О суде. Лев Николаевич Толстой
– Да что же, есть у вас, наконец, комната или нет? Есть или нет? – говорил с некоторым раздражением Михаил Михайлович, входя в сени постоялого двора уездного города, в котором на завтра назначено было заседание окружного суда, в котором он был присяжным.
– Пожалуйте, пожалуйте, – говорил хозяйский племянник, – сейчас, сию, сию минутую.

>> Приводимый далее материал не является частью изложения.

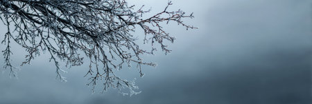 A branch covered in frost and snow. The branch is surrounded by a blue sky. Concept of calmness and serenity
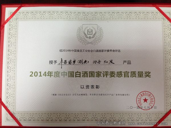 在评酒环节中,与会专家、白酒国家评委对包括丰谷酒业参选酒样在内的86款国家名优酒样进行感官质量品评和综合评审,以暗评形式先后进行了十八轮编号打分,丰谷酒业选送的“浓香型52度丰谷缘梦(醇爽)通过三个环节的筛选获得“2014年度中国白酒评委感官质量奖”。
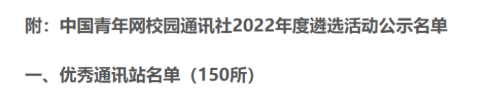 近日,中国青年网举办“中国青年网校园通讯社2022年度遴选活动”。经作品初审、网络展示、打分复审、年度考核等环节,我校团委于遴选活动中获得优秀通讯站称号;我校团委副书记、中青网校园通讯站指导老师陈忱老师获得优秀指导教师称号;我校团委2021级汉语言文学专业余欣苒同学获得优秀通讯员称号。
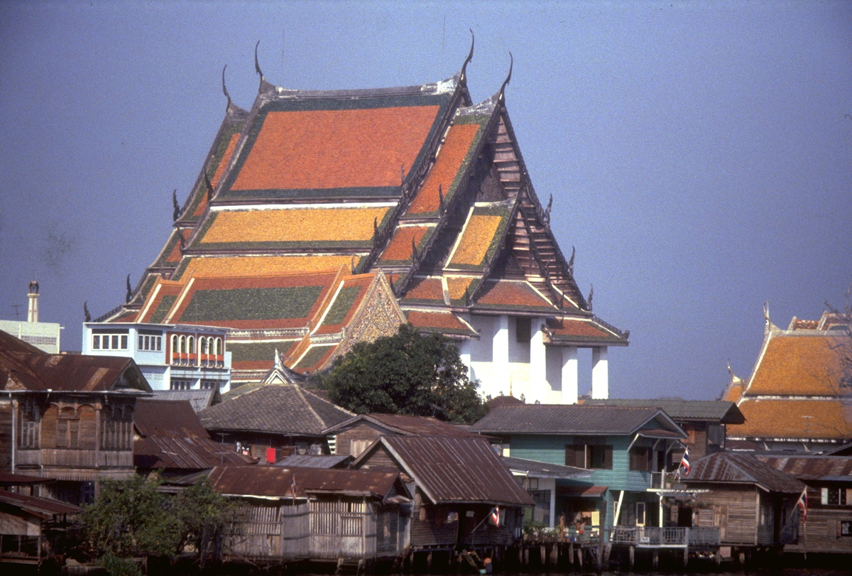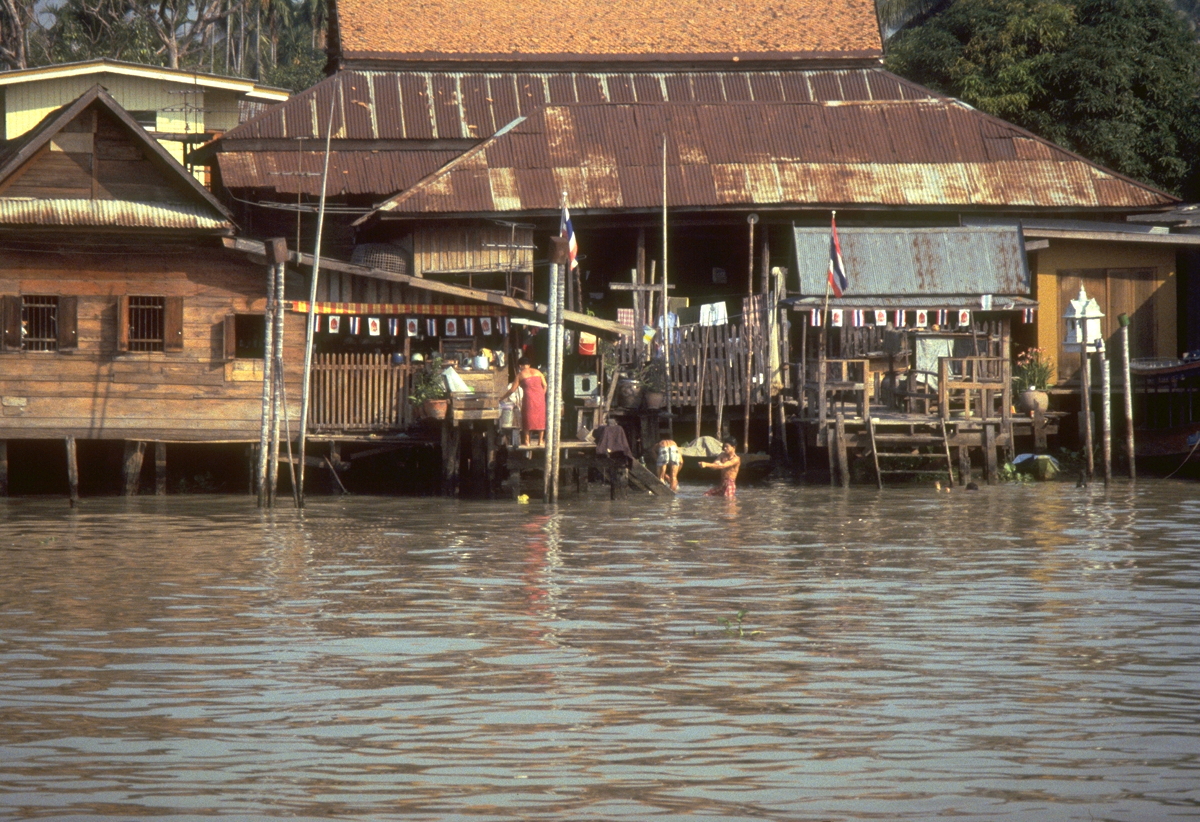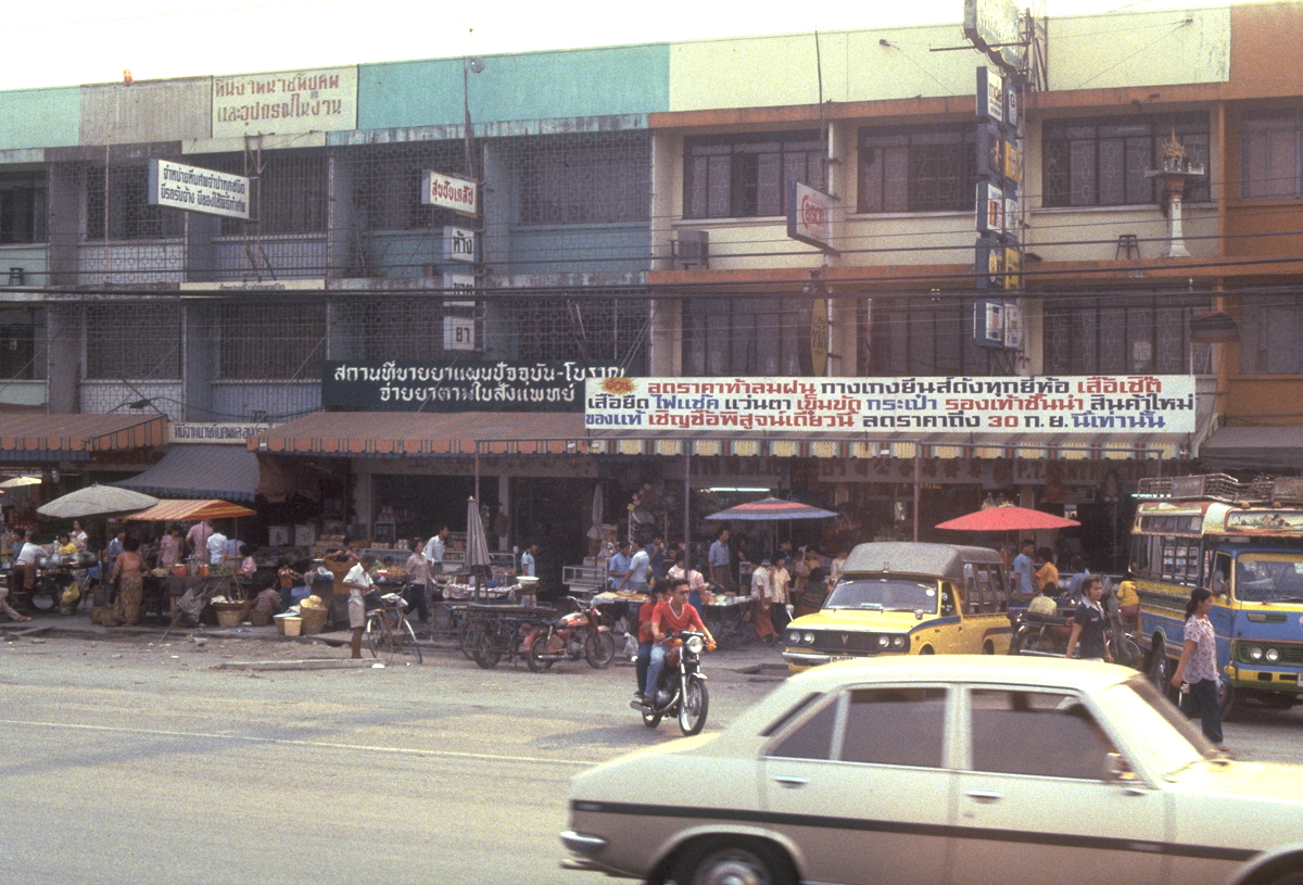 Before dinner I went strolling again along Rajaprarob (or Ratchaprarop) Road, taking lots of photos of course (I’ve just finished by fourth 36-exposure film for the trip). Still being daylight, I even wandered along some of the back lanes. Simply fascinating.

И хозяйский племянник, несмотря на раздражительный тон Михаила Михайловича, не отвечая ему, убежал в комнатку с киотом и большими иконами, одну оставленную себе хозяевами, и что-то там стал шептаться с толстой старухой, сидевшей там за самоваром. Михаил Михайлович видел это и злился. Он устал и перемерз с дороги. Но взял на себя и молчал, осторожно оттаивая и отлепляя ледышки с усов и бороды, примерзшей к воротнику, и сбрасывая их на грязный, затоптанный пол.
Вошел увязанный платком по воротнику Ефим, его кучер.
– Прикажете вносить вещи?
– Да не добьюсь толку. Будет или не будет комната?
Худой, вертлявый племянник выскочил из хозяйской комнаты, юркнул в соседний номер, где тотчас послышался ропот и настояния племянника. Он, очевидно, выгонял недостойного жильца. Старушка, перекачиваясь своим тяжелым телом и вся дрожа, как желе, под широкой ситцевой кофтой, вышла к Михаилу Михайловичу.
– Сейчас, сейчас, батюшка, пожалуйте. Есть, есть комнатка. Как не быть. Пожалуйте. Вася, что же он?
– Идет, идет.
Из комнаты вывели какого-то лохматого человека и увели куда-то. А Михаила Михайловича ввели в номер накуренный, наплеванный и надышанный.
………………………………………………………………………………………………
Через полчаса, однако, всё устроилось, и Михаил Михайлович сидел за самоваром, разложив на свою чистую салфетку домашний белый хлеб, сыр, масло и альберт-бисквитс. Он уже напился, согрелся, и уже дурное расположение духа заменилось самым хорошим.
– Позови кучера.
– Ефим, пей чай.
– Благодарю покорно, сейчас только сена задам.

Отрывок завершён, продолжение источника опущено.